SD Bot Tutorial by: Achillean

Page: 2 of 3 (View All)

Procurement:

The sdbot can be spread like any Trojan however some methods are easier and more effective than others. I prefer to scan entire ISP netblocks using the DSNX bot (another type of Trojan bot) with the portscan plugin added for known Trojan ports. Once the DSNX has reported back a list to me I usually run that list through superscan for windows to grab the banners and save some time weeding out useless hosts. Once I know which are indeed viable hosts I will then connect with the Trojan’s client and upload and execute my bot. After I've done this I will remove the original Trojan to preclude anyone else from getting into the host and getting your bot. It is also worthwhile to rename the exe to something vulgar and place it into peer2peer file sharing folders on infected hosts. If you happen to get packeted by an sdbot botnet then you can sometimes steal those bots. First you take a list of the IPs that packeted you and run them through superscan looking for Trojan ports. When you find one then connect and look for the bot. You can usually run a netstat and find where the bot is connecting to and that will tell you the server the bots reside on. The bot itself will usually be in the system or system32 folder depending on the version of windows. You should be able to look at the processes running and find which one is the bot. Once you have the bot you can then use something like win32dsm to decompile it and look at the strings. If you get some kind of weird output look at the size of the file, the bot should be about 15kb if its been packed, try using UPX to unpack it and then decompile again. If cannot get the server/channel/pass from the decompiled bot then you can infect yourself with the bot and use a sniffer to see where it connects to. Then you can spy on the channel and wait until someone logs in, this will give you the password.

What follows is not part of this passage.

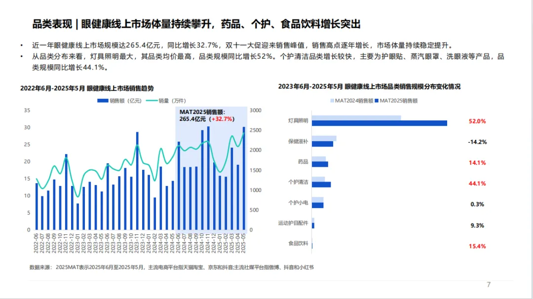 行业需求增长动力强劲。政策层面,国家连续出台多项近视防治与眼健康规划政策,规范防控诊疗流程;人群层面,20 岁以下近视患者预计 2025 年达 1.9 亿人,全年龄段眼部疾病高发且不可逆,催生旺盛预防护理需求。社媒端,眼健康话题近一年声量达 1956.5 万条,小红书平台热度逆势增长,医学科普、近视防控等内容受关注。市场规模方面,线上市场规模达 265.4 亿元,同比增长 32.7%,灯具照明、个护清洁品类增速突出。
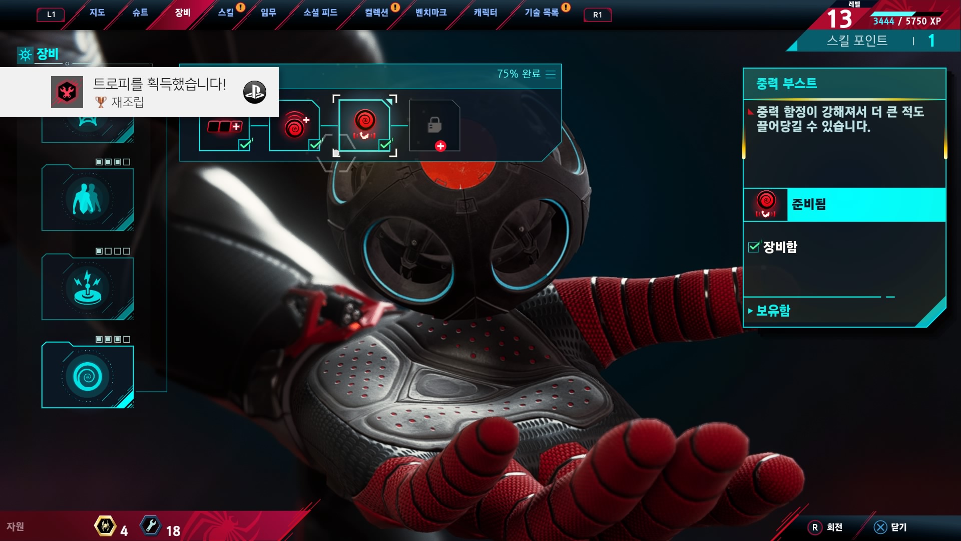 이 게임이 슈트도 적은데 스파이더맨이 사용하는 장비도 적어요. 전작은 8갠가 그랬던 것 같은데 딱 4개 있습니다.

Now simply update the bots and they belong to you.

Protection:

Now that I've told you how to steal someone else’s sdbots you'll need to know how to protect your own botnet. First of all it's wise to voice a few of the bots and +m the channel. While the bots will accept commands in private messages at least someone can't come into your channel and update them all at once. You can also specify how many simultaneous logins to allow in the source code. Only allowing one person to be logged in to the bots at once can be very helpful in keeping people from updating or removing the bots. Always +s the channel your bots stay in. You can also specify what version the bots will reply when they are CTCP versioned. Make the version reply something so that if you have any questions whether a host is a spy or a bot you can simply version it and see.